* _AVAILABLE DATA_
◇ ◇ ◇ ◇ ◇ ◇ ◇

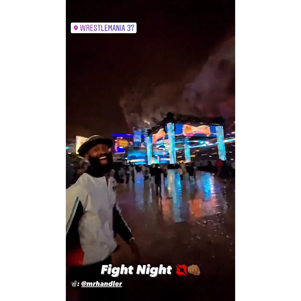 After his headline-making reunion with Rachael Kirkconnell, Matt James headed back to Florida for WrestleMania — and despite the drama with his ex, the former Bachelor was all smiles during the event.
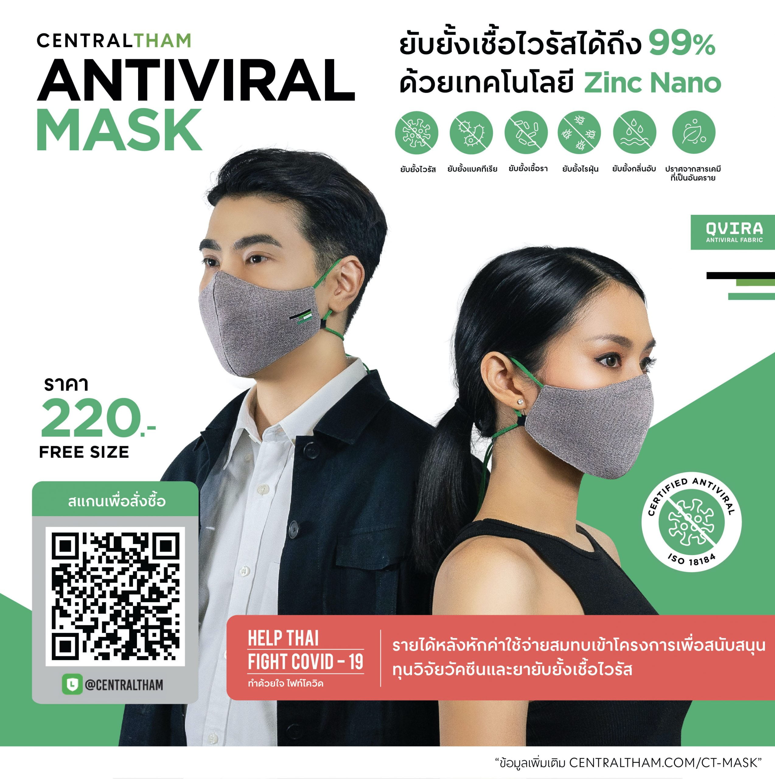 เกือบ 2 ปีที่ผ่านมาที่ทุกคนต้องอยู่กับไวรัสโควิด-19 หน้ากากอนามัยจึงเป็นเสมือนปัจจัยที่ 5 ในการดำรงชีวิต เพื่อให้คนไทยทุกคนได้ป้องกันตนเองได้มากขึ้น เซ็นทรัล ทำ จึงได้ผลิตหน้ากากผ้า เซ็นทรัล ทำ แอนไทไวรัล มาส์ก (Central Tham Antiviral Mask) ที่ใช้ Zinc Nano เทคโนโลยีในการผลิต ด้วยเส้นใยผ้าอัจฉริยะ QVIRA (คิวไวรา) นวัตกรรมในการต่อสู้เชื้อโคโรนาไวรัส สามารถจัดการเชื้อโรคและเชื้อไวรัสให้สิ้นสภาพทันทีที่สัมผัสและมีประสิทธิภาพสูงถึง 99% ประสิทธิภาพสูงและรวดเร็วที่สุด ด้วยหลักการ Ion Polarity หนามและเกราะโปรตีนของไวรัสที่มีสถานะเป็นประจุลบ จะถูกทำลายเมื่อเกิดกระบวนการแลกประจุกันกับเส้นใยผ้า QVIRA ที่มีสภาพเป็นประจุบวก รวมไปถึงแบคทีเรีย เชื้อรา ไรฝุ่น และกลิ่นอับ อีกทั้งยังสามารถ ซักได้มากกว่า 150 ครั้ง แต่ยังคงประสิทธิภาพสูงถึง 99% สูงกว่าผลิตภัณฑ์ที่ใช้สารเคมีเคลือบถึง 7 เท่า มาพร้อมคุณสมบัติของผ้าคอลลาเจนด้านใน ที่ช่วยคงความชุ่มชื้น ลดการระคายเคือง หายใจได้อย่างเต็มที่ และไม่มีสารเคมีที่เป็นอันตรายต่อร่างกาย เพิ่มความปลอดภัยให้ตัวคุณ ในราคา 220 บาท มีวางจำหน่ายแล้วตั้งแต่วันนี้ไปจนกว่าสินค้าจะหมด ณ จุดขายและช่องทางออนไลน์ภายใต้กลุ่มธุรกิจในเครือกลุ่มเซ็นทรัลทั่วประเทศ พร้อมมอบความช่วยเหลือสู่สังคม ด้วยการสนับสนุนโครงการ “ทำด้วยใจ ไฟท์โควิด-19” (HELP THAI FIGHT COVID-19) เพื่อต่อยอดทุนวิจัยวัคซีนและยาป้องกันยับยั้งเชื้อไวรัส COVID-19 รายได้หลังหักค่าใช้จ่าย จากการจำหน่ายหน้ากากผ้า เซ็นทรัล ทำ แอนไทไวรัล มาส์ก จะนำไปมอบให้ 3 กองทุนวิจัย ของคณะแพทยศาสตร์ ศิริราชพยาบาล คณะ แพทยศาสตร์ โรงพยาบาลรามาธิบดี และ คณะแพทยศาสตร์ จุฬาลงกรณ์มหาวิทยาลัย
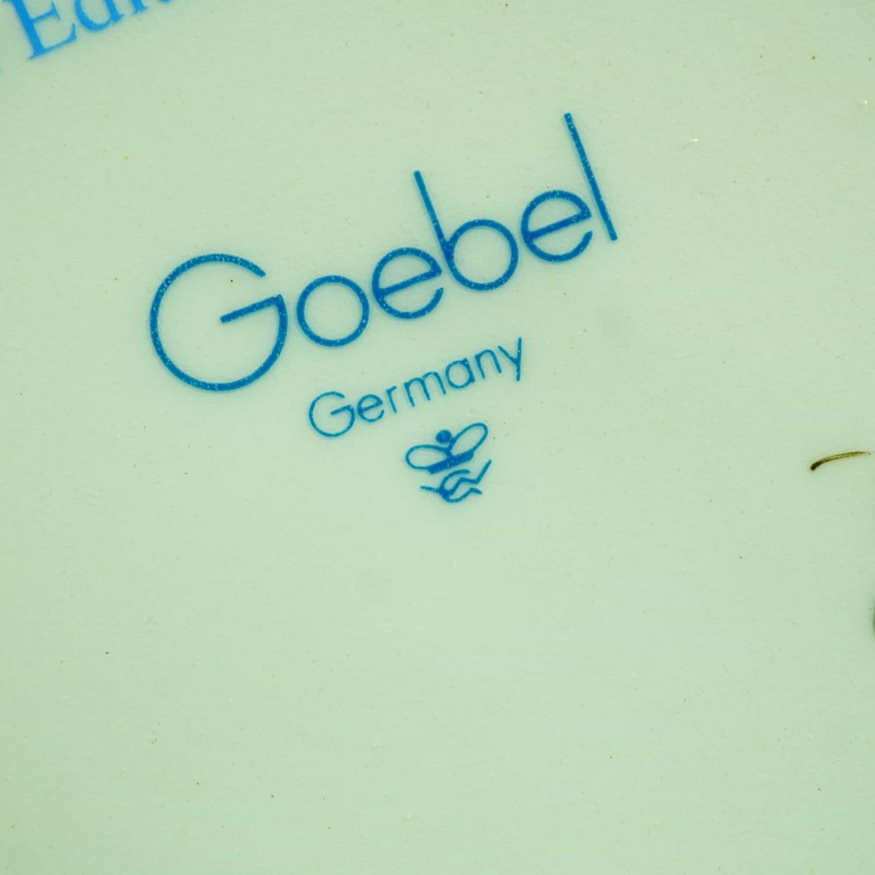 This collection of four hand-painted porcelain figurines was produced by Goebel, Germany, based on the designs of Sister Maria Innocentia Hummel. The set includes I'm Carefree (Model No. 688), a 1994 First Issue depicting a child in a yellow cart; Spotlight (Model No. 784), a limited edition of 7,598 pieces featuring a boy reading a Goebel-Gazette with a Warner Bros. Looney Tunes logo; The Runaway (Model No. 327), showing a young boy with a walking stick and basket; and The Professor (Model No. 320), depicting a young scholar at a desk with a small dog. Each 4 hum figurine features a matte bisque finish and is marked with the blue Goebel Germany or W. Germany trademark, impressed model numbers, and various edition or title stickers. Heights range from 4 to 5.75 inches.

◇ ◇ ◇ ◇ ◇ ◇ ◇

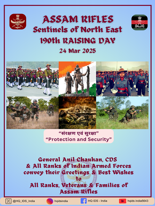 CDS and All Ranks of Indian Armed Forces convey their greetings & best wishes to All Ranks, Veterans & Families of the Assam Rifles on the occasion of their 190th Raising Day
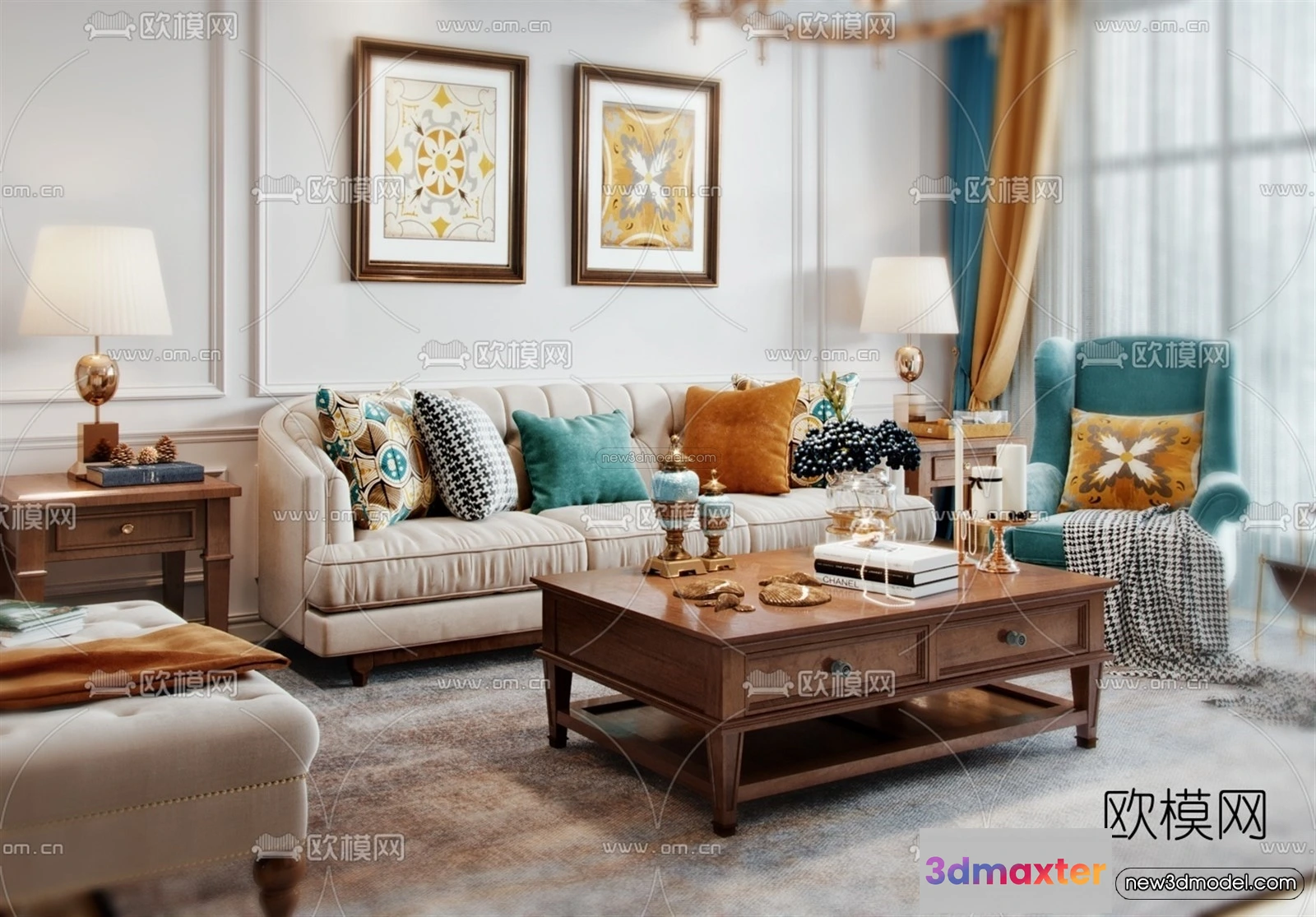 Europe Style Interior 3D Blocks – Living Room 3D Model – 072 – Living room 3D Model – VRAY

◇ ◇ ◇ ◇ ◇ ◇ ◇

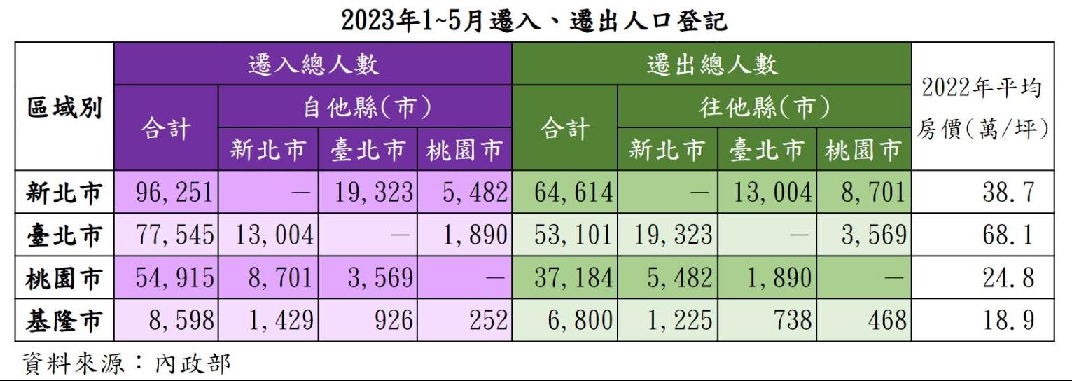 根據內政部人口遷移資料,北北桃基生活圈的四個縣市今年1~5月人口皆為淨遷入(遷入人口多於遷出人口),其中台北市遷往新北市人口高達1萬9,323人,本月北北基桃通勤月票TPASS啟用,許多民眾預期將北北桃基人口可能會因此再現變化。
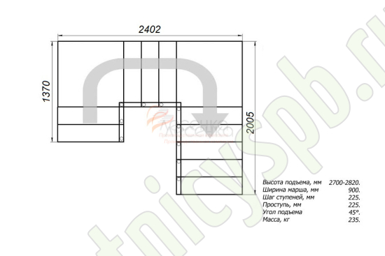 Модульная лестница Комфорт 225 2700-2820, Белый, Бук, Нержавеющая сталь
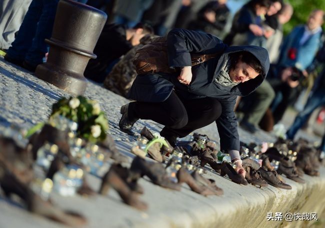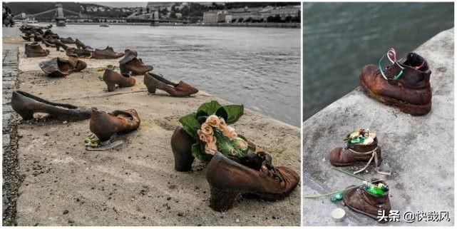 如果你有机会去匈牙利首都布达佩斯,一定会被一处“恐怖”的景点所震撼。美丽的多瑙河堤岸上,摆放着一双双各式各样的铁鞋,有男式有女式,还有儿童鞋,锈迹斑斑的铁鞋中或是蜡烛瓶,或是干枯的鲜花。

◇ ◇ ◇ ◇ ◇ ◇ ◇

* _WORK TO COMPLETE_
Reproduce the lines above starting at the one with "Модульная лестница Комфорт" and ending at the one with "如果你有机会去匈牙利首都布达", both included, exactly and with no pictures.

* _EXPECTED ANSWER_
 Модульная лестница Комфорт 225 2700-2820, Белый, Бук, Нержавеющая сталь
 如果你有机会去匈牙利首都布达佩斯,一定会被一处“恐怖”的景点所震撼。美丽的多瑙河堤岸上,摆放着一双双各式各样的铁鞋,有男式有女式,还有儿童鞋,锈迹斑斑的铁鞋中或是蜡烛瓶,或是干枯的鲜花。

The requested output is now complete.